Falling on the 17th of March, St. Patrick’s Day is a religious and public holiday in Ireland. It has come to symbolise everything it means to be Irish, a day for people to embrace and celebrate their Irish heritage through music, language and general high spirits. The sometimes hedonistic nature of the festival has made St. Patrick’s Day an occasion for licenced misbehaviour. This is not necessarily a modern trait. It falls in the middle of Lent, and was traditionally seen as a break from the austerity of the fasting undertaken during this period. Even children were allowed to break their fast and enjoy sweet things for the last time before Easter.

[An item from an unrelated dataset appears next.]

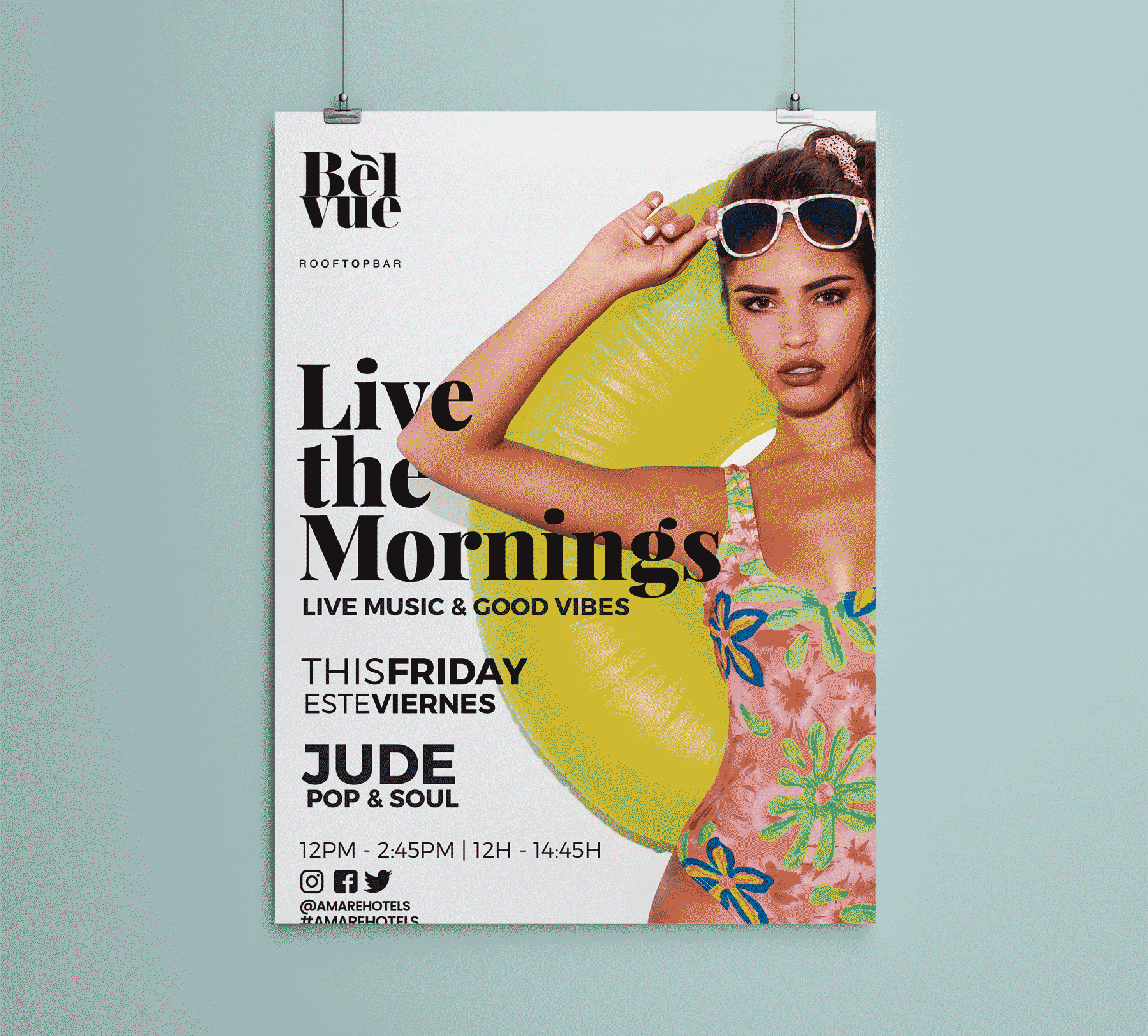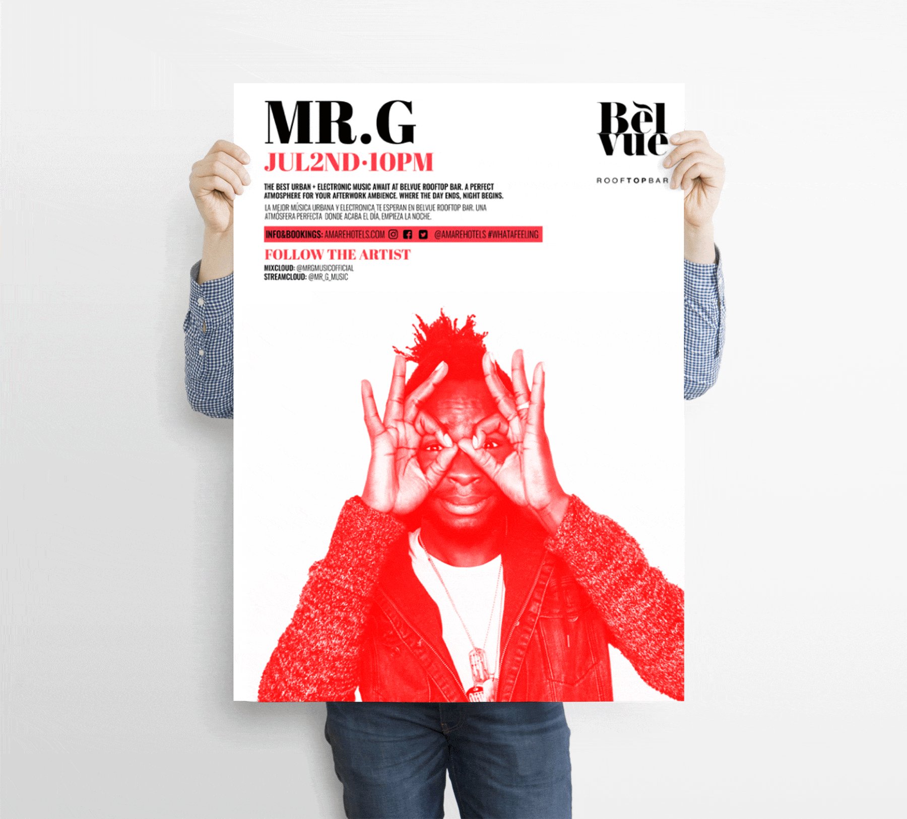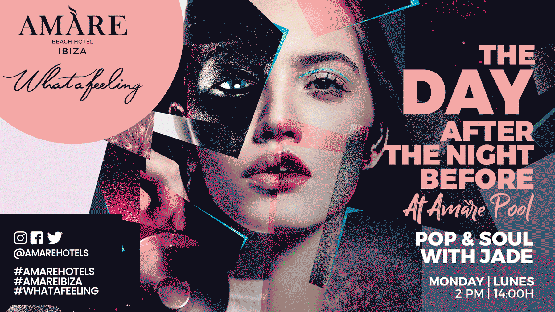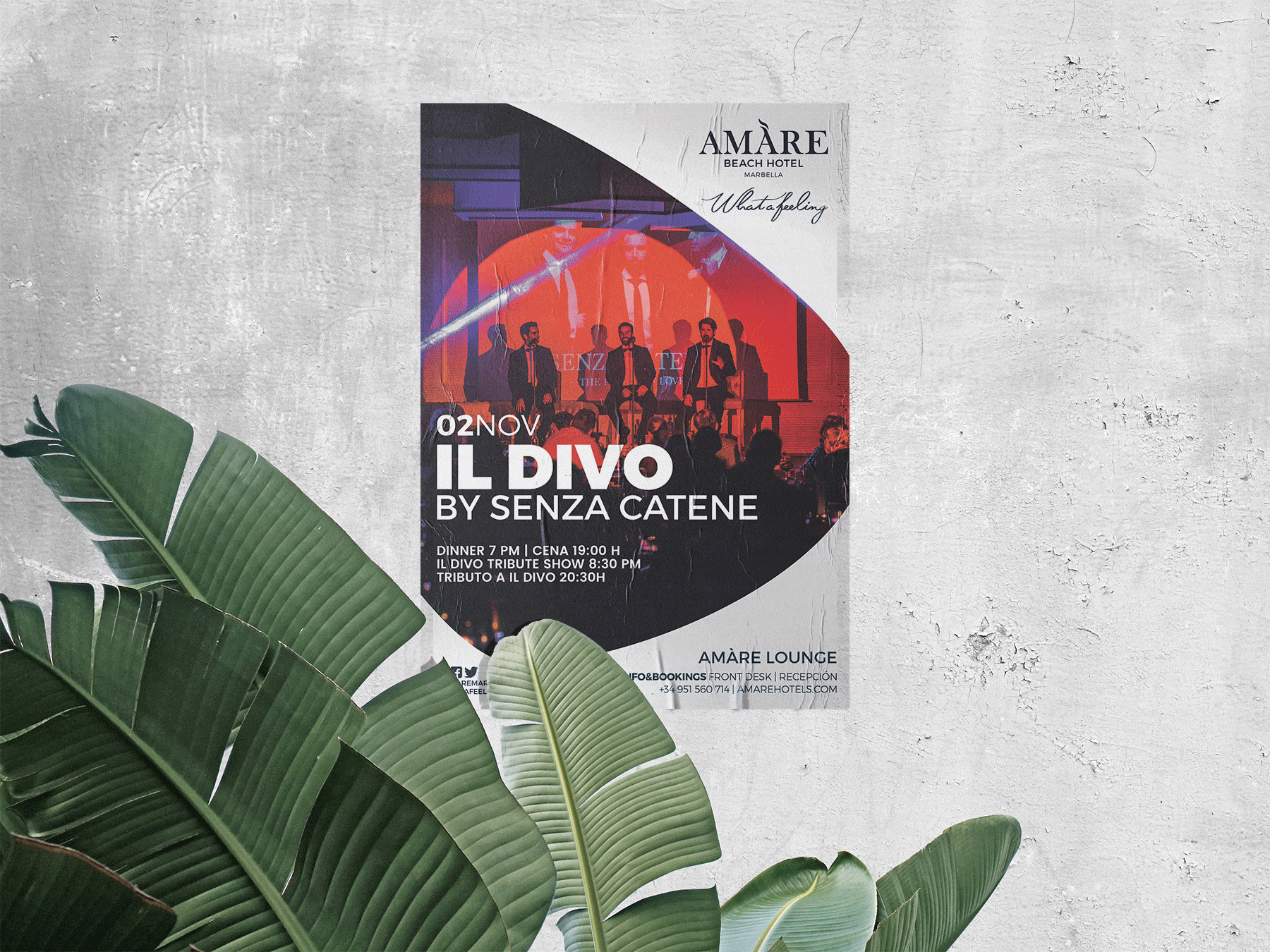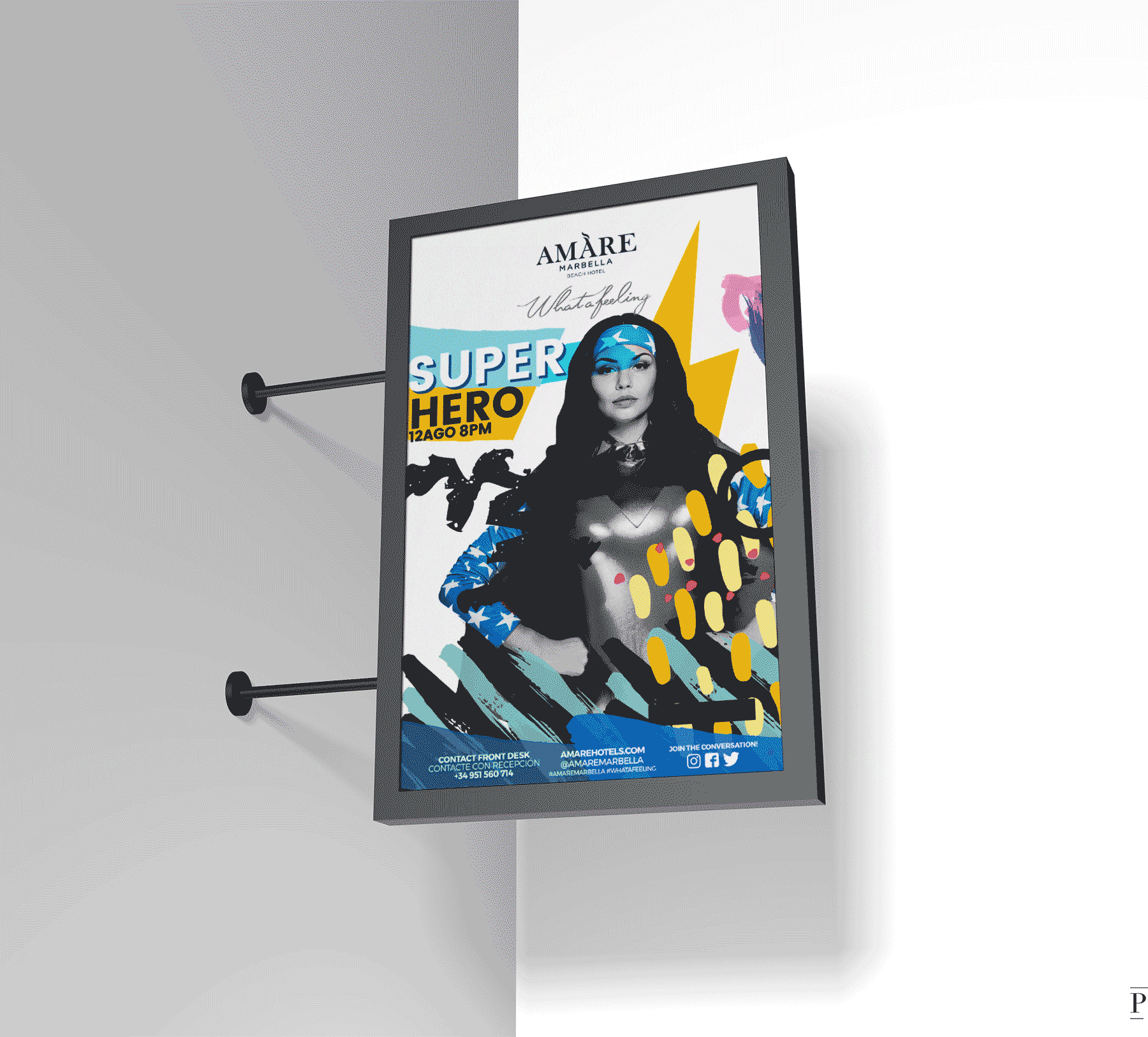 De este modo, se generan distintas líneas gráficas diferentes entre sí para anunciar fiestas temáticas, eventos en directo, actuaciones singulares o exposiciones, entre otras, agrupando y diferenciando así la amplia programación de actividades de tanto de Amare Marbella como de Amàre Ibiza en líneas gráficas propias para la marca Amare Hotels.

‘Drowning the shamrock’ is a centuries-old tradition that was practiced on St. Patrick’s Day. According to folk history, Patrick used a three-leafed clover to teach the pagan Irish about the Holy Trinity. Irish people are depicted as wearing bunches of shamrocks on their hats or lapels to commemorate the saint. It was the custom to place this clump of shamrock into the final drink of the day. The shamrock was them plucked from the bottom of the glass and thrown over the left shoulder.

St. Patrick’s Day is an ideal opportunity to speak a little Irish. Why not use these phrases this St. Patrick’s Day? It might be the excuse you need to embark on the adventure of learning the Irish language!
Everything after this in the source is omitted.